In het proces-verbaal van verhoor van 16 mei 2001 deelde een telefoniste van het Gak, gehoord als getuige, het volgende mee:
“…Ik ben werkzaam als telefoniste bij het GAK te Arnhem. Op 19 april 2001 heb ik (verzoeker; N.o.) aan de telefoon gehad. Ik herkende hem aan zijn stem en hij noemde gewoon zijn naam. (Verzoeker; N.o.) heeft meerdere keren gebeld naar het GAK. (Verzoeker; N.o.) is bekend bij mij en mijn collega's. Hij heeft al vaker moeilijkheden veroorzaakt ter plaatse en telefonisch. Toen hij die dag nogmaals belde verzocht hij om (de clustermanager; N.o.) aan de telefoon te krijgen. Toen ik hem vertelde dat zij hem niet te woord wilde staan, en dat hij alleen schriftelijk contact mocht zoeken hoorde ik hem zeggen: “De parkeerplaats bij jullie achter is heel groot, ik wacht haar op en rij haar dood.“ Ik moest dit aan (de clustermanager; N.o.) doorgeven. Omdat hij vaker moeilijk heeft gedaan, acht ik hem wel in staat deze dreigementen uit te voeren. Ook op de manier waarop hij praatte was het mij duidelijk dat het geen geintje was, maar serieus bedoeld. Ik vertelde (de clustermanager; N.o.) over de dreigementen en ik merkte en hoorde dat ze schrok…”
In het proces-verbaal van verhoor van 17 mei 2001 deelde verzoeker, gehoord als verdachte, onder meer het volgende mee:
“Ik heb regelmatig in de maand april 2001 telefonisch contact gehad met medewerkers van het GAK. Ik kreeg op meerdere vragen van mij geen bevredigend antwoord. Over en weer werd er wel eens wat gezegd. Ik vind het van geen belang om daarover te verklaren. Mijn contacten met het GAK gaan redelijk moeizaam. Ik ben begin mei 2001 een keer bij het GAK geweest. Het contact met de medewerkers van het GAK ging niet zoals ik het graag wilde. Ik ben niet normaal te woord gestaan en ik heb de politie gebeld vanuit het GAK gebouw met het verzoek aan hen om mee te gaan om te bemiddelen.

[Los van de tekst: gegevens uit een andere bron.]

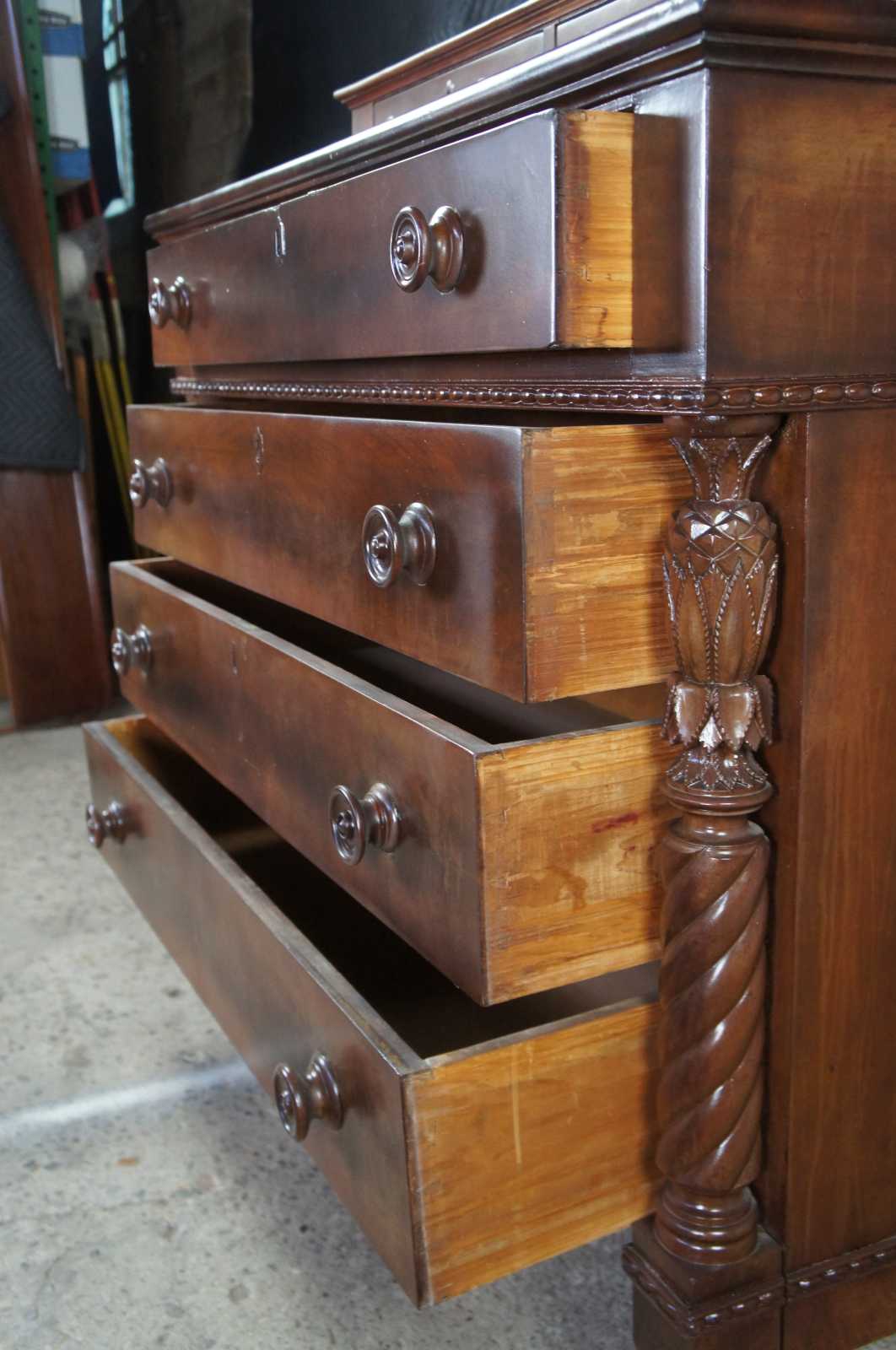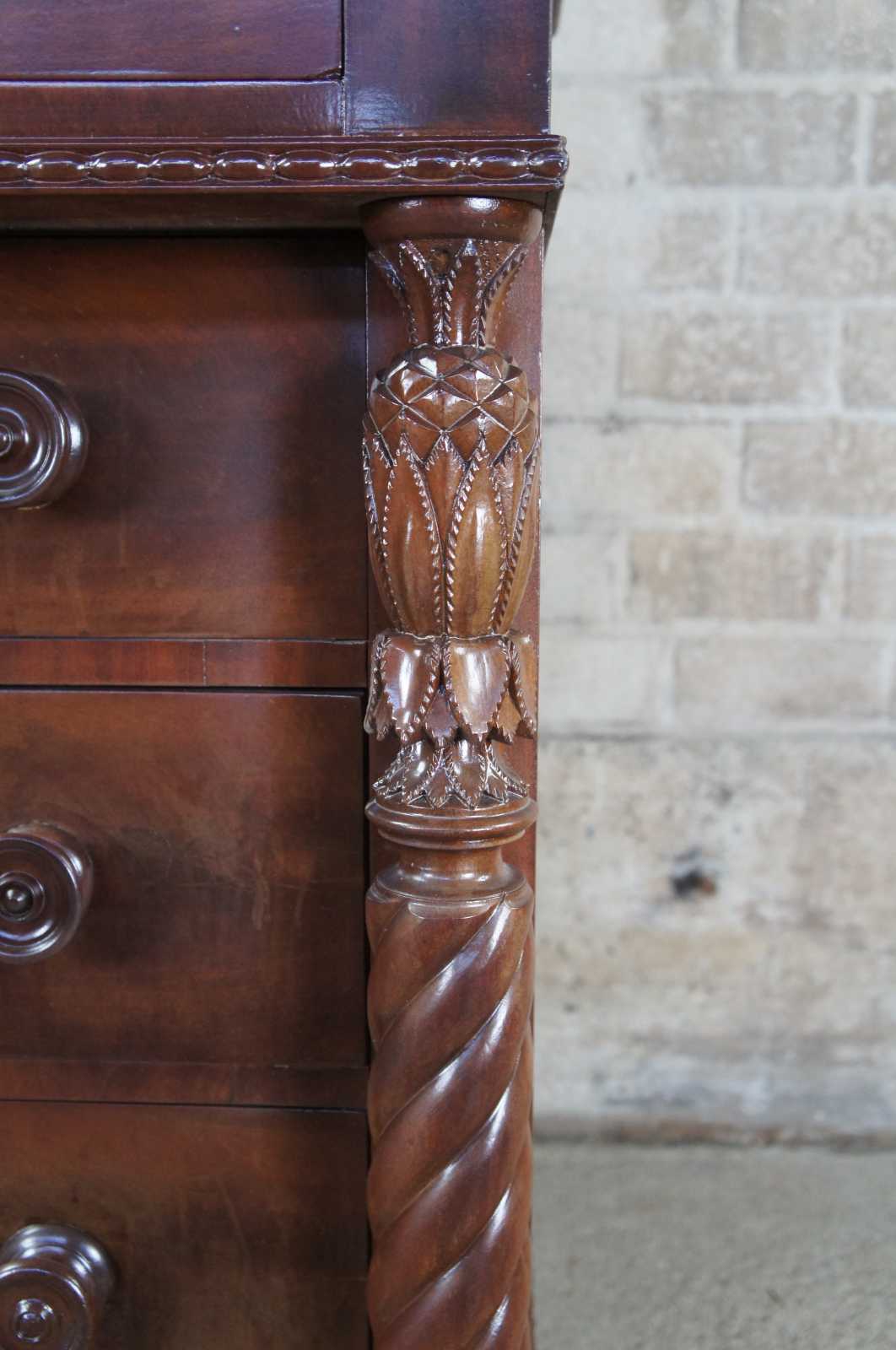 Early 19th Century American Empire finely carved chest of drawers, with pineapple topped, barley-twist columns. A rectangular form made from mahogany with crotch veneer along drawer fronts and stepback design featuring two glovebox drawers. Includes hand dovetailing, scrolled backsplash, beaded trim and nubby turned feet with casters.

De politie is wel gekomen maar deed niets aan mijn problemen. Zij stonden aan de zijde van het GAK. Waarom is mij nog steeds onduidelijk. Over het conflict met het GAK wil ik niet dieper op ingaan. Het is verder niet van belang.
Nadien heb ik een brief van het GAK gekregen dat ik niet meer bij hun binnen mocht komen. De redenen weet ik nog steeds niet. Na die tijd ben ik daar niet meer geweest. Ook heb ik nadien geen telefonisch contact meer gezocht met het GAK.
(De claimbeoordelaar; N.o.) is mijn contactpersoon bij het GAK. Hij behoort netjes mijn zaak te behartigen.
Ik weet niet of ik op donderdag 19 april telefonisch contact heb gezocht met het GAK. In die periode heb ik vaker gebeld maar ik weet niet of ik die 19e april gebeld heb.
Ik heb wel een keer naar (de clustermanager; N.o.) gevraagd, die naam komt mij wel enigszins bekend voor. Ik had naar een directeur gevraagd, zij schijnt de baas te zijn van (de claimbeoordelaar; N.o.). Dit was ongeveer een jaar geleden. Ik had al eens problemen gehad met (de claimbeoordelaar; N.o.) en daarvoor wilde ik (de clustermanager; N.o.) spreken. Dit was zeker al wel een jaar geleden.
Ik heb de 19e april 2001 en op geen enkele andere datum (de clustermanager; N.o.) telefonisch bedreigd. U houdt mij voor dat ik gezegd zou hebben: “De parkeerplaats bij jullie achter is groot, ik wacht haar op en rij haar dood. Geef dit maar door aan haar”.
Dit is absoluut niet waar, ik ken (de clustermanager; N.o.) amper. Ik vind het heel erg dat dit allemaal gezegd wordt.
Ik wens hiervoor aangifte te doen. Als ik het gedaan zou hebben had ik er wel spijt van en zou ik het wel bekend hebben.”